▶ [HOW TO COMPLETE THIS TASK]: Keep the images out while you set down the data exactly.

▶ [EXERCISE DATA]:
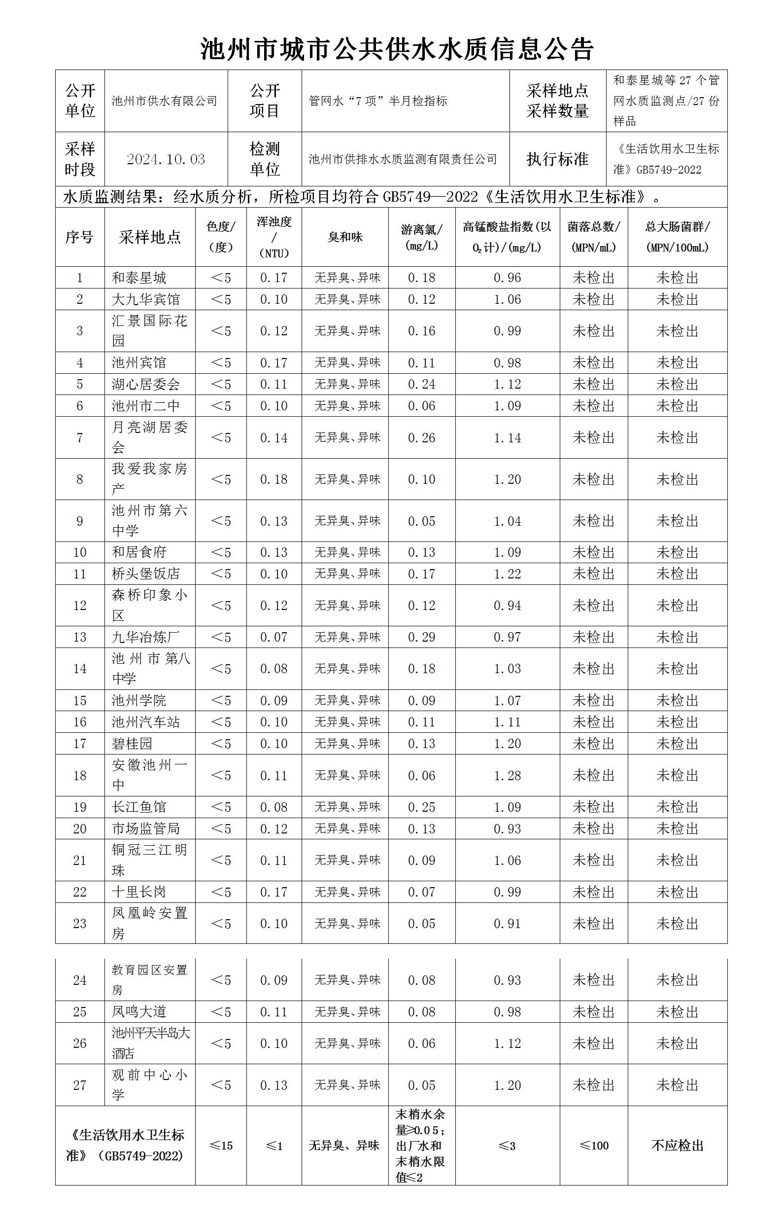 | 池州市城市公共供水水質(zhì)信息公告管網(wǎng)水“7項(xiàng)”半月檢指標(biāo)10-1 | |
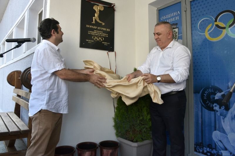 Кметът Стефан Радев и синът на Норайр Нурикян – Арам откриха паметна плоча на двукратния олимпийски шампион по вдигане на тежести, която се намира на входа на едноименната зала по щанги в Сливен.
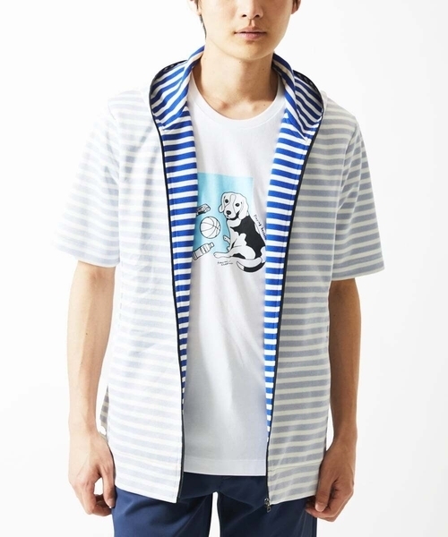 ≪素材≫ ・吸水性や通気性の優れたコットン、肌触り良いナイロン素材と、着脱時にフィット感のあるポリウレタン素材が配合されております。 ・ホワイト×ブルーと、ホワイト×ネイビーの春から夏の印象のボーダー配色デザインです。 ≪デザイン≫ ・アウターとしてもトップスとしてもご利用いただける便利なフルジップです。 ・MKオム定番の細身のシルエットです ・表は無地見え、アクセントとして裏をボーダー見え仕様にしています。 ≪生地感≫ ・透け感⇒あり ・生地厚⇒ふつう ・伸縮性⇒あり
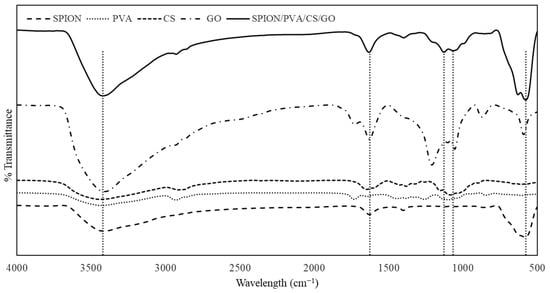 FTIR spectra of SPION, PVA, CS, GO, and SPION/PVA/CS/GO.

▶ [RESPONSE AREA]:
 | 池州市城市公共供水水質(zhì)信息公告管網(wǎng)水“7項(xiàng)”半月檢指標(biāo)10-1 | |
 Кметът Стефан Радев и синът на Норайр Нурикян – Арам откриха паметна плоча на двукратния олимпийски шампион по вдигане на тежести, която се намира на входа на едноименната зала по щанги в Сливен.
 ≪素材≫ ・吸水性や通気性の優れたコットン、肌触り良いナイロン素材と、着脱時にフィット感のあるポリウレタン素材が配合されております。 ・ホワイト×ブルーと、ホワイト×ネイビーの春から夏の印象のボーダー配色デザインです。 ≪デザイン≫ ・アウターとしてもトップスとしてもご利用いただける便利なフルジップです。 ・MKオム定番の細身のシルエットです ・表は無地見え、アクセントとして裏をボーダー見え仕様にしています。 ≪生地感≫ ・透け感⇒あり ・生地厚⇒ふつう ・伸縮性⇒あり
 FTIR spectra of SPION, PVA, CS, GO, and SPION/PVA/CS/GO.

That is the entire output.